[jira] [Updated] (SAMZA-1041) Multi-stage pipeline feature for Samza

Jake Maes (JIRA) Fri, 21 Oct 2016 10:41:52 -0700

     [ 
https://issues.apache.org/jira/browse/SAMZA-1041?page=com.atlassian.jira.plugin.system.issuetabpanels:all-tabpanel
 ]


Jake Maes updated SAMZA-1041:
-----------------------------
    Description: 
Samza provides a powerful framework for users to implement and deploy stream 
processors. One of the core concepts in Samza is a processor, which is deployed 
individually as a job. While a single job is sufficient to perform some basic 
stream processing, we have seen users apply Samza to more complex problems 
involving multi-stage jobs or pipelines. These range from jobs that require a 
separate repartitioner to co-partition streams for a join, to more complicated 
pipelines in which the stages are purposely decoupled like microservices. 
Historically, users would create a separate job for each stage of the pipeline 
and deploy them manually. A critical part of this manual deployment is creating 
and modifying the intermediate streams to have the appropriate configuration, 
in particular; partition count. This deployment model has proven to be tedious 
and error-prone because:

1. Stream creation is a manual process. If the streams are not pre-created with 
the appropriate configurations, it can lead to unexpected behavior in the 
pipeline. For example failure to join because keys are not being routed to a 
common Task.
2. Job deployment is a manual process. Each stage needs to be deployed 
separately, even though they are often deployed in the same cadence.
3. Configuration is associated with a processor, which makes it more difficult 
to reuse the processor. Configurations like task inputs and container count can 
vary for the same processor depending on the context (pipeline) in which it is 
executed. 
4. There is no early validation to detect a misconfigured pipeline. Instead 
users tend to notice that something is wrong long after the initial deployment 
by looking at metrics. 
5. There are common preconditions for processors (e.g. co-partitioned, or 
deduplicated inputs) that could be handled automatically in a system that has 
the “whole picture” of streams and processors.

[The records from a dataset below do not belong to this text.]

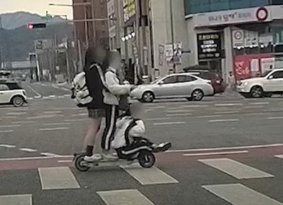 電動キックボード、1台に韓国の女子生徒3人…奇想天外な使用法に大人はヒヤヒヤ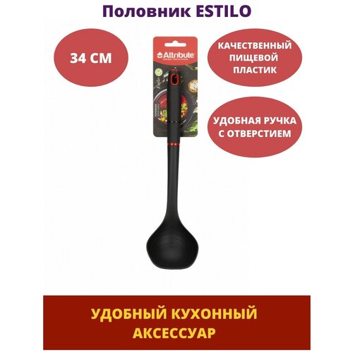 Половник ESTILO это кухонный аксессуар из линейки ATTRIBUTE GADGET. Устройство выполнено из качественного пластика, а также оснащено пластиковой ручкой черного цвета. Половник для приготовления блюд незаменимый атрибут для кухни. Вы можете подобрать к нему в комплект другие устройства из линейки ESTILO. Длина устройства 34 см.Половник пластиковый позволяет легко наливать порции супа, каш, пюре в тарелки. Кулинарный половник не впитывает запах, легко моется, в том числе и в посудомоечной машине.Половник из термостойкого пластика подходит для разливания жидких блюд.Половник займет достойное место среди других ваших кухонных помощников.
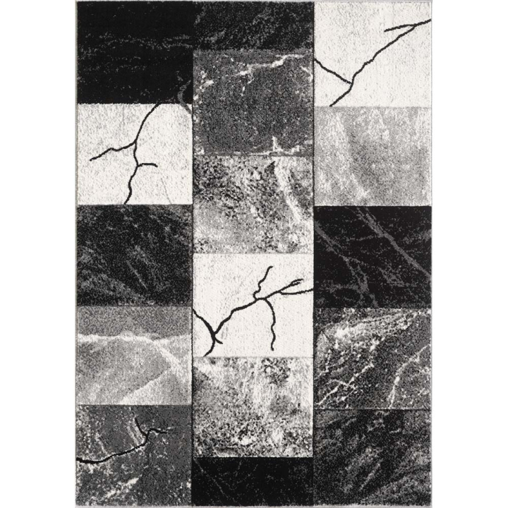 Килимът се отличава с изискан съвременен дизайн, подреден в геометрични форми с ефект на мраморна текстура. Черните линии придават усещане за дълбочина и артистичност. Комбинацията от контрастни нюанси създава елегантна визия, подходяща за всеки интериор. Килимът е чудесен акцент за всекидневна, спалня или офис, като добавя усещане за стил, уют и визуален баланс.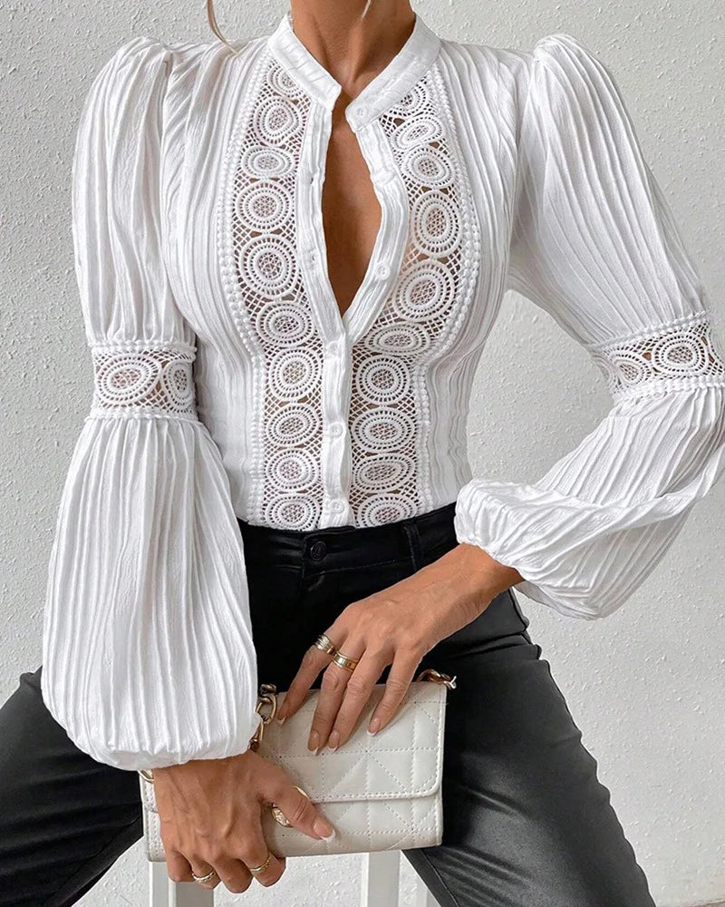 Indulge in elegant femininity with our blouse! Crafted with a solid polyester material, this blouse is both lightweight and durable. The hollow-out design adds a touch of allure, making it perfect for any occasion.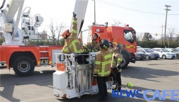 [뉴스카페]인천중부소방서(서장 정기수)는 14일 본서 다목적훈련장에서 고층건물 화재를 대비한 굴절차 활용 화재진압 훈련을 실시했다.

Our goal is to alleviate these issues by introducing a yet-to-be-properly-named 
feature which we will call “pipelines” for now. The pipeline feature will allow 
users to easily compose a collection of processors and streams into a directed 
acyclic graph (DAG) and manage them as one unit. A key part of this feature is 
automatic runtime creation of intermediate and output streams. It also enables 
richer validation, simplified deployment, and a foundation for many performance 
and ease-of-use features. For example, repartitioners could be automatically 
injected where needed and processors could be colocated on the same container 
for performance. 

Note that this feature is not the same as SAMZA-914, mostly in terms of scope 
and simplicity. SAMZA-914 focuses on composing operators into a logical flow 
that is executed as one processor. That entire flow is scaled out uniformly by 
adding containers. By contrast, this pipeline feature provides isolation and 
independent scaling of the processors. 

Many of the details have yet to be worked out, but a design doc will be posted 
here soon. 

  was:
Samza provides a powerful framework for users to implement and deploy stream 
processors. One of the core concepts in Samza is a processor, which is deployed 
individually as a job. While a single job is sufficient to perform some basic 
stream processing, we have seen users apply Samza to more complex problems 
involving multi-stage jobs or pipelines. These range from jobs that require a 
separate repartitioner to co-partition streams for a join, to more complicated 
pipelines in which the stages are purposely decoupled like microservices. 
Historically, users would create a separate job for each stage of the pipeline 
and deploy them manually. A critical part of this manual deployment is creating 
and modifying the intermediate streams to have the appropriate configuration, 
in particular; partition count. This deployment model has proven to be tedious 
and error-prone because:

1. Stream creation is a manual process. If the streams are not pre-created with 
the appropriate configurations, it can lead to unexpected behavior in the 
pipeline. For example failure to join because keys are not being routed to a 
common Task.
2. Job deployment is a manual process. Each stage needs to be deployed 
separately, even though they are often deployed in the same cadence.
3. Configuration is associated with a processor, which makes it more difficult 
to reuse the processor. Configurations like task inputs and container count can 
vary for the same processor depending on the context (pipeline) in which it is 
executed. 
4. There is no early validation to detect a misconfigured pipeline. Instead 
users tend to notice that something is wrong long after the initial deployment 
by looking at metrics. 
5. There are common preconditions for processors (e.g. co-partitioned, or 
deduplicated inputs) that could be handled automatically in a system that has 
the “whole picture” of streams and processors.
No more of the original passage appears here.